Observation data (J2000 epoch)
- Constellation: Ursa Major
- Right ascension: 11^{h} 52^{m} 49.4319^{s}
- Declination: +44° 07′ 14.840″
- Redshift: 0.002695
- Heliocentric radial velocity: 808±2 km/s
- Distance: 41.40 ± 9.00 Mly (12.694 ± 2.760 Mpc)
- Apparent magnitude (V): 10.9

Characteristics
- Type: SA(s)c
- Size: ~76,400 ly (23.42 kpc) (estimated)
- Apparent size (V): 5.4′ × 4.9′

Other designations
- IRAS 11502+4423, UGC 6856, MCG +07-25-001, PGC 37229, CGCG 214-034

= NGC 3938 =

Galaxy in the constellation Ursa Major

NGC 3938 is an unbarred spiral galaxy in the Ursa Major constellation.
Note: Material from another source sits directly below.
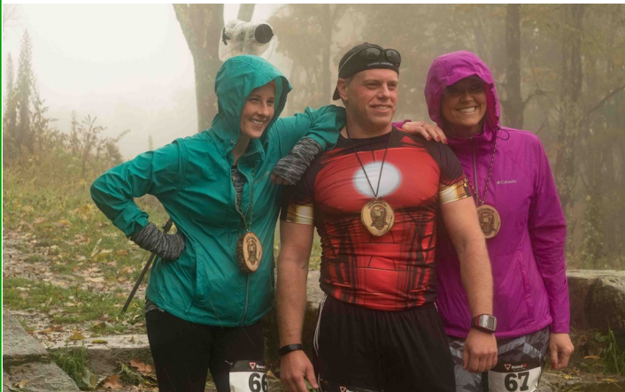
10k runners with finisher awards

It was discovered by German-British astronomer William Herschel on 6 February 1788. It is one of the brightest spiral galaxies in the Ursa Major South galaxy group and is roughly 76,000 light years in diameter. It is approximately 41.4 million light years away from Earth. NGC 3938 is classified as type Sc under the Hubble sequence, a loosely wound spiral galaxy with a smaller and dimmer bulge. The spiral arms of the galaxy contain many areas of ionized atomic hydrogen gas, more so towards the center.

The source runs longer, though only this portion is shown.